Remember that MCMC is a stochastic algorithm so the actual numbers will not be exactly the same. On the left hand side is a list of the different quantities that BEAST has logged. There are traces for the posterior (this is the log of the product of the tree likelihood and the prior probabilities), and the continuous parameters. Selecting a trace on the left brings up analyses for this trace on the right hand side depending on tab that is selected. When first opened, the “posterior”” trace is selected and various statistics of this trace are shown under the Estimates tab. In the top right of the window is a table of calculated statistics for the selected trace.

Tracer will plot a (marginal posterior) distribution for the selected parameter and also give you statistics such as the mean and median. The 95% HPD lower or upper stands for the highest posterior density interval and represents the most compact interval on the selected parameter that contains 95% of the posterior probability. It can be thought of as a Bayesian analog to a confidence interval.

In the implemented phylogeographic model, the rate matrix is symmetric, meaning that a relative migration rate between two locations solely represents a numerical value without implying any direction. Consequently, for 5 locations, there are only 10 relative migration rates, as illustrated in Figure 4.

DensiTree — Figure 4: The posterior of relative migration rates between two locations.

The h5n1.log is also provided as an additional resource, in case you need to use it for your analysis.

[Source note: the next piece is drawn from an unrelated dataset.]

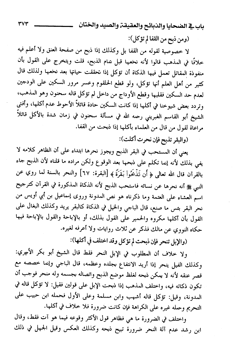 لا خصوصية لقوله من القفا بل وكذلك إذا ذبح من صفحة العنق ولا أعلم فيه خلافًا في المذهب قالوا لأنه نخعها قبل تمام الذبح، قلت ويتخرج على القول بأن منفوذة المقاتل تعمل فيها الذكاة أن تؤكل إذا تحققت حياتها بعد نخعها ولذلك قال كثير من أهل العلم أنها تؤكل، ولو قطع الحلقوم وعسر مرور السكين على الودجين لعدم حد السكين فقلبها وقطع الأوداج من داخل لم تؤكل قاله سحنون وهو المذهب، وتردد بعض شيوخنا في أكلها إذا كانت السكين حادة قائلاً الأحواط عدم أكلها، وأفتى الشيخ أبو القاسم الغبريني رحمه الله في مسألة سحنون في زمان شدة بالأكل قائلاً مراعاة لقول من قال من العلماء بأكلها إذا ذبحت من القفا.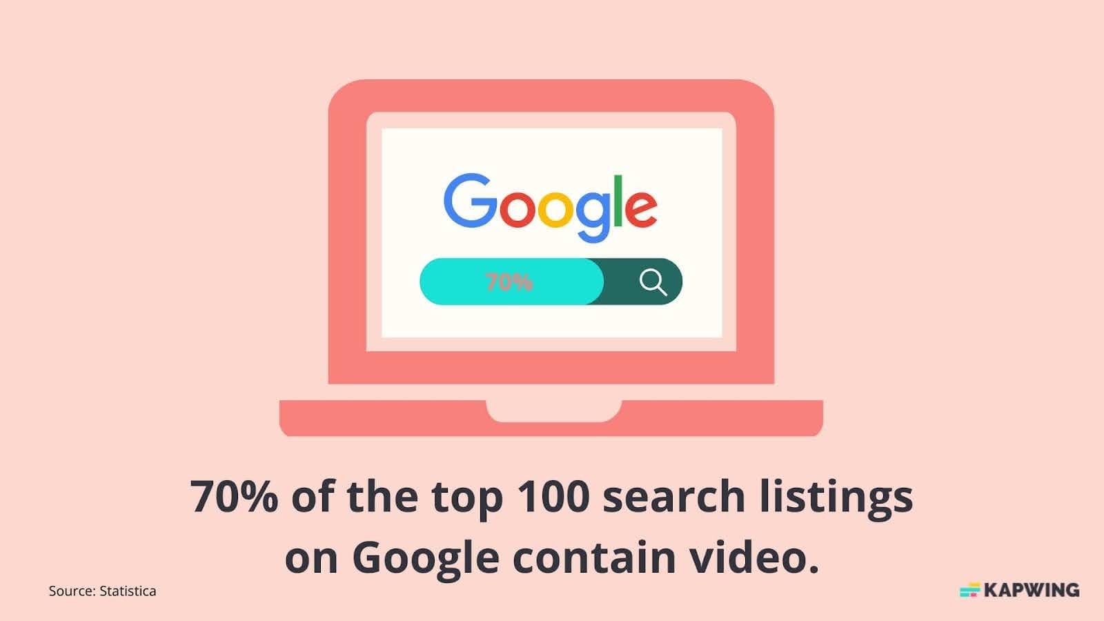 You should care about video for SEO because Google cares about it. As the world’s number one search engine, Google prioritizes placing relevant videos in search results. As the owner of YouTube, it makes sense that Google would do this, but it shows videos from other platforms, too. In fact, 70% of the top 100 search results listings contain video.

Summarizing posterior trees

To summarize the trees logged during MCMC, we will use the CCD methods implemented in the program TreeAnnotator to create the maximum a posteriori (MAP) tree. The implementation of the conditional clade distribution (CCD) offers different parameterizations, such as CCD1, which is based on clade split frequencies, and CCD0, which is based on clade frequencies. The MAP tree topology represents the tree topology with the highest posterior probability, averaged over all branch lengths and substitution parameter values.

You need to install CCD package to make the options available in TreeAnnotator.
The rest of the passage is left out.